[Data records]
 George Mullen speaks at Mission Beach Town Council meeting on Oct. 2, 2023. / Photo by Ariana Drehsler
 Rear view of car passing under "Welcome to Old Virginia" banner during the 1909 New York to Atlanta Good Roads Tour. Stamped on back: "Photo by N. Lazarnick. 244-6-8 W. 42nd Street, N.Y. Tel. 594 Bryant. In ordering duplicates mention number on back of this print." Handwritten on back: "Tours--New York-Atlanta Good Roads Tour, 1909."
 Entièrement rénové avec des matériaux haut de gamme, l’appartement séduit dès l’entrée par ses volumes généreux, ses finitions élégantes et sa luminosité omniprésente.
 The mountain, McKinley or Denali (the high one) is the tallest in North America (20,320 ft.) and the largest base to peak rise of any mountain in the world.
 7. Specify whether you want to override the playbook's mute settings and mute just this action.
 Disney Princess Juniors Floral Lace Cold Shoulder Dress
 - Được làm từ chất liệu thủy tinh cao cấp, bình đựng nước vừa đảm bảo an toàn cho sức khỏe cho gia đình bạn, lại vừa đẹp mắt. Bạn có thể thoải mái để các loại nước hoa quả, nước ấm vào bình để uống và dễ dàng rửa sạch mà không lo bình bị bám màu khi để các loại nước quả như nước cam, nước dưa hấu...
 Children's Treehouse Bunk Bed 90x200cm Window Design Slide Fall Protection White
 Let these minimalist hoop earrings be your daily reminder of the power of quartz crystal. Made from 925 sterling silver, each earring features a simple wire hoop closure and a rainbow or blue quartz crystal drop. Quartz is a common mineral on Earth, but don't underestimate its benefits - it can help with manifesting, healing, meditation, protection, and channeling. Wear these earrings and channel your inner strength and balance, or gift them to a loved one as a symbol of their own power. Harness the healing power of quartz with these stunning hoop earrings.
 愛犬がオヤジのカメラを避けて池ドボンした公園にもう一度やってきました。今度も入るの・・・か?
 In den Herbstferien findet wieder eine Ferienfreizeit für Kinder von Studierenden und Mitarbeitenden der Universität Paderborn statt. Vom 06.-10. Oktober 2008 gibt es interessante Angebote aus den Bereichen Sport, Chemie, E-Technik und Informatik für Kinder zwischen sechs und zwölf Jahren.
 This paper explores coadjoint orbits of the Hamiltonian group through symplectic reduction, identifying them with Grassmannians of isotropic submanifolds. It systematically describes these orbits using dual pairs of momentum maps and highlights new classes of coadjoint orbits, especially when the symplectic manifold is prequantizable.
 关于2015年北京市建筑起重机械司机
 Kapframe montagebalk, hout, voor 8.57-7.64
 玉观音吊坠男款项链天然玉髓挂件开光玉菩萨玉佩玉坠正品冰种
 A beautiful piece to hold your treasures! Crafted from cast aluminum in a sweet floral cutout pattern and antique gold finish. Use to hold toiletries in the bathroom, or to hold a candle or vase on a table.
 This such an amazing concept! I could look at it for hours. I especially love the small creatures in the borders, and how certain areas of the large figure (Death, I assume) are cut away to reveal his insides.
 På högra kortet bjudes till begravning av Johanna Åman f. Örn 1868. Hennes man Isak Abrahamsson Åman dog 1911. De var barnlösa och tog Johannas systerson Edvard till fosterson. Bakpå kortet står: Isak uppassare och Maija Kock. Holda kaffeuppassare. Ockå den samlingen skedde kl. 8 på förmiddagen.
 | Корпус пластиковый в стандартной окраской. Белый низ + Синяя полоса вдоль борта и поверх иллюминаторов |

To do: Count the lines in the records above that contain the word "your", and reply with that number alone.

Result below: 2